DATA SEGMENT>
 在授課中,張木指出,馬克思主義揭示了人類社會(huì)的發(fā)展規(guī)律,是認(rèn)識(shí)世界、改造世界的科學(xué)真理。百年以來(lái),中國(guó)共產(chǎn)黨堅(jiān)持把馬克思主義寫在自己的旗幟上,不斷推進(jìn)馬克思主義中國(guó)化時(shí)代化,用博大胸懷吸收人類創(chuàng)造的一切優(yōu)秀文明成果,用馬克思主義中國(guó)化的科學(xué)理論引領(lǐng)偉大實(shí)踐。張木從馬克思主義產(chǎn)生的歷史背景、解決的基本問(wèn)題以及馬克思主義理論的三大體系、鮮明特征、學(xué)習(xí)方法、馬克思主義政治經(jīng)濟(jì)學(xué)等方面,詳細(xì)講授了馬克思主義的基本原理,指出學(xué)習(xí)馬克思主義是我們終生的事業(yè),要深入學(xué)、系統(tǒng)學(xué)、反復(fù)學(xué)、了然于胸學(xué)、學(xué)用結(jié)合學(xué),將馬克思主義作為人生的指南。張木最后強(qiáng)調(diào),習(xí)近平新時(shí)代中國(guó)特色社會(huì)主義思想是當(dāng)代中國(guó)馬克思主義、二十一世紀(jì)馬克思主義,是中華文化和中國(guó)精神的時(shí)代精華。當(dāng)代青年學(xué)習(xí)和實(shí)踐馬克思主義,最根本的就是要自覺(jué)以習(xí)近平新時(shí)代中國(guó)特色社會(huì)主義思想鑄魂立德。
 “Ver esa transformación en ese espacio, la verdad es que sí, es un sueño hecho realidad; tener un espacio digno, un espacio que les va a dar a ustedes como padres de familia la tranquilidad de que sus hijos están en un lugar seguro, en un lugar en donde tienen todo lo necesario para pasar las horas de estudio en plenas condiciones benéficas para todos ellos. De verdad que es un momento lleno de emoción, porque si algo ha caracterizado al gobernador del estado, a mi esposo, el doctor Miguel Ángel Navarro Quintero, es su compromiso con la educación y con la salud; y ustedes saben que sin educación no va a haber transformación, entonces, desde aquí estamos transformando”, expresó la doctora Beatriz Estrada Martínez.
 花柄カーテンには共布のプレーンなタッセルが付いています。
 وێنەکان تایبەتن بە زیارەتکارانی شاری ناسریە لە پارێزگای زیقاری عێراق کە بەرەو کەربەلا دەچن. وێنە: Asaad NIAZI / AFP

TASK>
The expected output is a verbatim retyping of each line from the one with "花柄カーテンには共布のプレーンなタッセルが付いています。" to the end of the listing above, with both end lines kept and nothing added.

TASK RESULT>
 花柄カーテンには共布のプレーンなタッセルが付いています。
 وێنەکان تایبەتن بە زیارەتکارانی شاری ناسریە لە پارێزگای زیقاری عێراق کە بەرەو کەربەلا دەچن. وێنە: Asaad NIAZI / AFP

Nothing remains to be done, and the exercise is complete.